Potentials assign weights to sequences of tokens from their vocabulary. These weights are always non-negative real numbers, though they are computed in log space for numerical stability.

A potential defines two core weighting functions:

complete - Assigns weights to sequences that are considered "finished" or "complete". For example, a potential enforcing grammatical correctness would assign positive weights to grammatically valid sentences and zero weights (negative infinity in log space) to invalid ones.
prefix - Assigns weights to partial sequences that could potentially be extended into valid complete sequences. For example, a potential enforcing grammatical correctness would assign positive weights to prefixes of grammatically valid sequences.

Given a complete method, there are many possible prefix methods that could be used, providing as much or as little information as desired. The key requirement is that if a prefix has zero weight, then all of its extensions and completions must also have zero weight - in other words, prefix cannot rule out sequences that could later become valid.

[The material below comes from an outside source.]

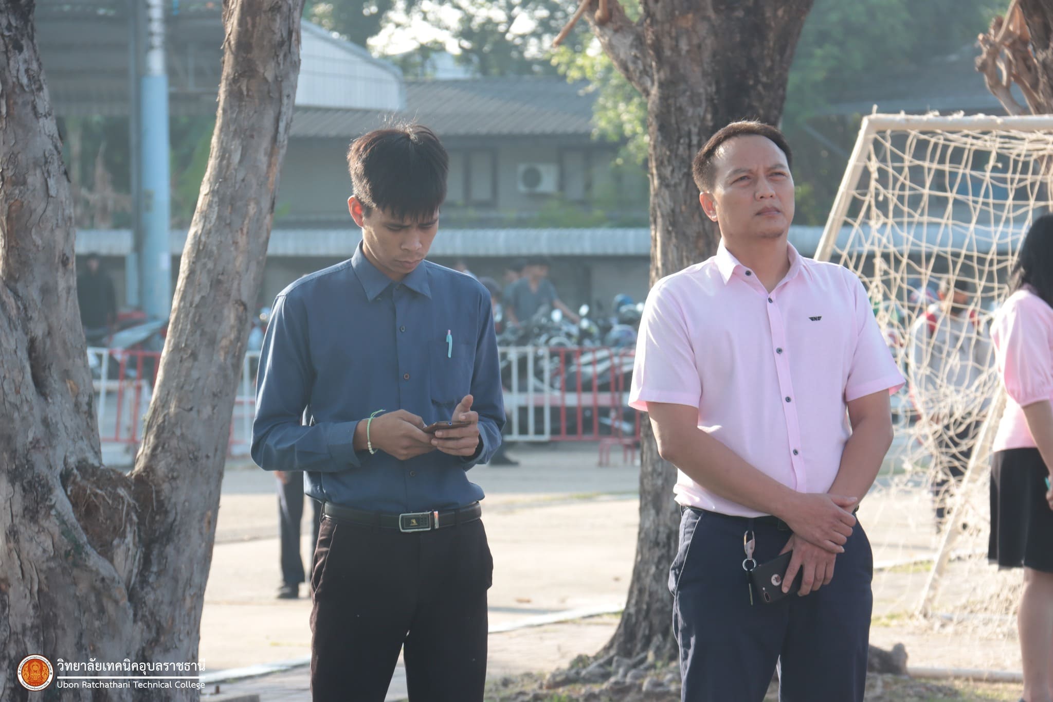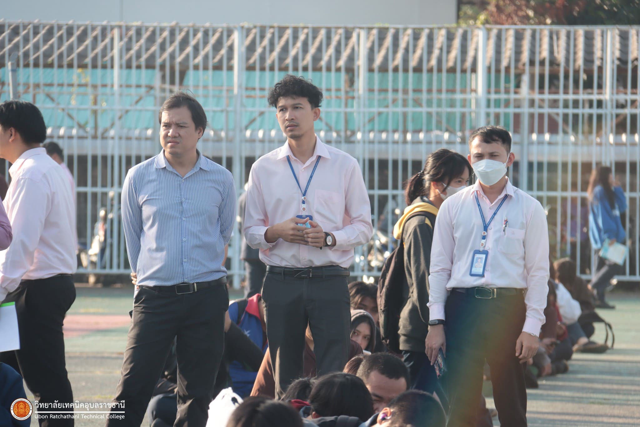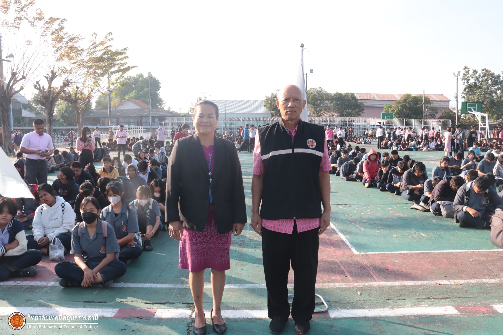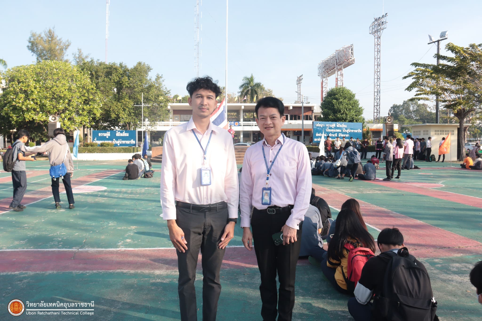 วันที่ ๑๒ ธันวาคม ๒๕๖๖ เวลา ๐๗.๓๐ น. นายธาตรี พิบูลมณฑา ผู้อำนวยการวิทยาลัยเทคนิคอุบลราชธานี มอบหมายให้ว่าที่ ร.ต.ขวัญชัย เนืองเนตร ครูแผนกวิชาช่างเชื่อมโลหะ อบรมคุณธรรม จริยธรรม และให้ความรู้แก่นักเรียน นักศึกษา ณ ลานกิจกรรมหน้าเสาธง นอกจากนี้ได้กล่าวแนะนำ นางสาวชุติกาญจน์ สุขเกษม ตำแหน่งครูผู้ช่วย ในโอกาสที่มารายงานตัวเพื่อเข้ารับการบรรจุและแต่งตั้งเข้ารับราชการเป็นข้าราชการครูและบุคลากรทางการศึกษา ตำแหน่งครูผู้ช่วย แผนกวิชาช่างกลโรงงาน โดยโครงการผลิตครูเพื่อพัฒนาท้องถิ่น ปี พ.ศ. ๒๕๖๖ (รอบที่ ๑) โดยมี นายไวพจน์ ศรีธัญ รองผู้อำนวยการฝ่ายพัฒนากิจการนักเรียนนักศึกษา นายสุวิชา มั่นยืน รองผู้อำนวยการฝ่ายวิชาการ นางราตรี สะดีวงศ์ รองผู้อำนวยการฝ่ายแผนงานและความร่วมมือ พร้อมด้วยหัวหน้าแผนกวิชา หัวหน้างาน ครู นำนักเรียน นักศึกษา เข้าร่วมกิจกรรมเข้าแถวเคารพธงชาติอย่างพร้อมเพรียง

The relationship between complete and prefix weights is formalized in the Formalization section.

Next-token weights

Potentials also implement a logw_next method, which computes weights for each possible next token in the potential's vocabulary (and a reserved end-of-sequence token) given a context sequence. These weights are crucial for controlled text generation as they can be used to guide the selection of the next token at each step.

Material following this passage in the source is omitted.